### Exercise prompt
Everything from the line with "成份股方面,铝业龙头显著领涨" to the line with "近日,乌海黄河特大桥工程主墩" in the listing below, both lines included, needs to be copied exactly, apart from the pictures.

### Records
+++
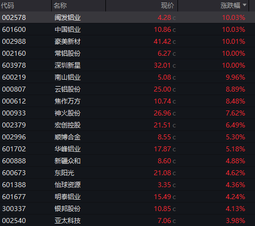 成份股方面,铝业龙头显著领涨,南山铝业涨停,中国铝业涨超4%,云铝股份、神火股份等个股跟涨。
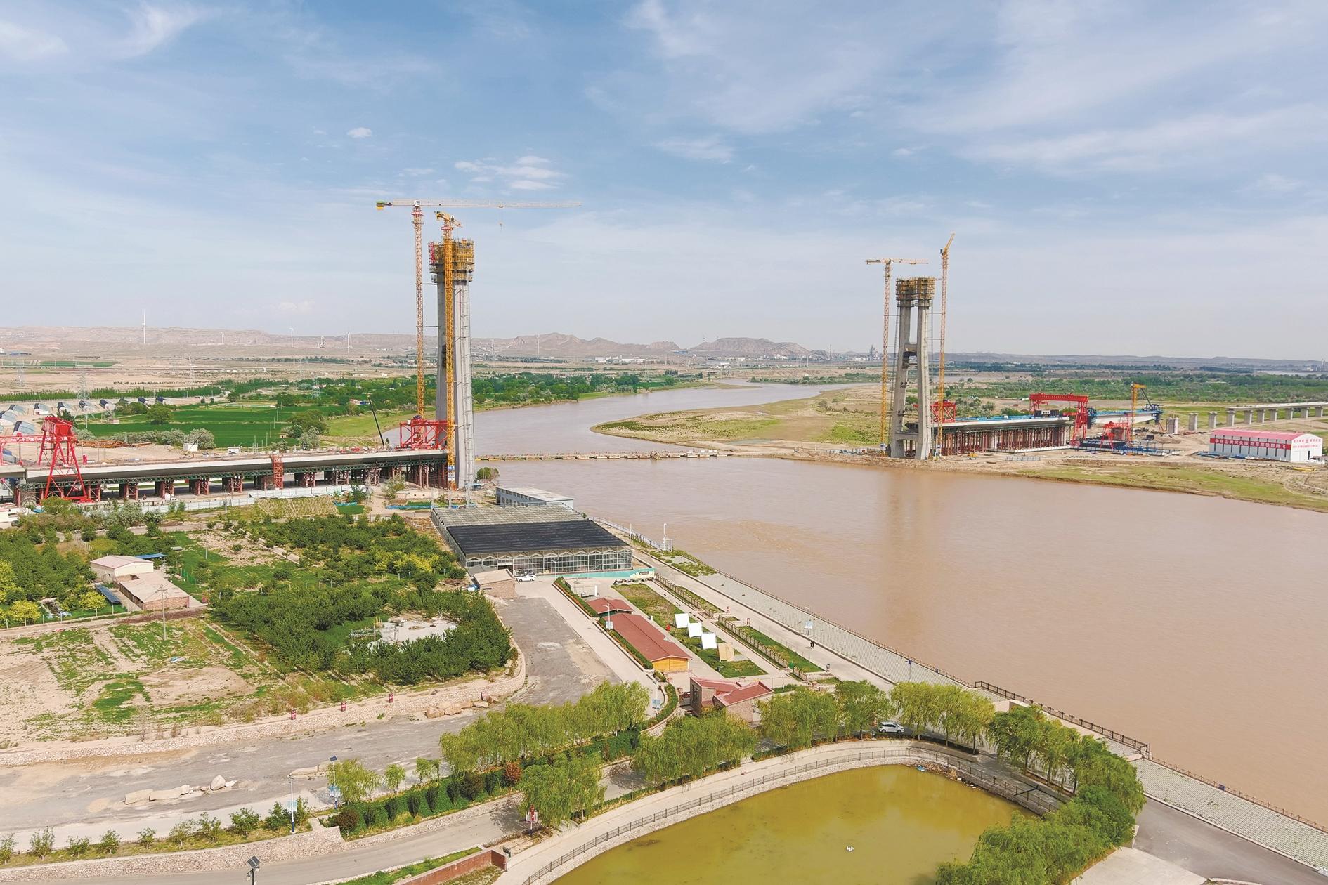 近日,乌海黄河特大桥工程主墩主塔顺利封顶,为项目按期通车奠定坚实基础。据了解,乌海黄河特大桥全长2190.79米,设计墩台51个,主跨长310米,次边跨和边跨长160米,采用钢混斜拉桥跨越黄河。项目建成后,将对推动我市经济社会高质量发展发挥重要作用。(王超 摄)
+++
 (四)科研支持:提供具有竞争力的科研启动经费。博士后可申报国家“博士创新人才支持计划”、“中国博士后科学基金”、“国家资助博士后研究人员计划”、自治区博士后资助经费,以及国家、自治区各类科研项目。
+++
### Exercise output
 成份股方面,铝业龙头显著领涨,南山铝业涨停,中国铝业涨超4%,云铝股份、神火股份等个股跟涨。
 近日,乌海黄河特大桥工程主墩主塔顺利封顶,为项目按期通车奠定坚实基础。据了解,乌海黄河特大桥全长2190.79米,设计墩台51个,主跨长310米,次边跨和边跨长160米,采用钢混斜拉桥跨越黄河。项目建成后,将对推动我市经济社会高质量发展发挥重要作用。(王超 摄)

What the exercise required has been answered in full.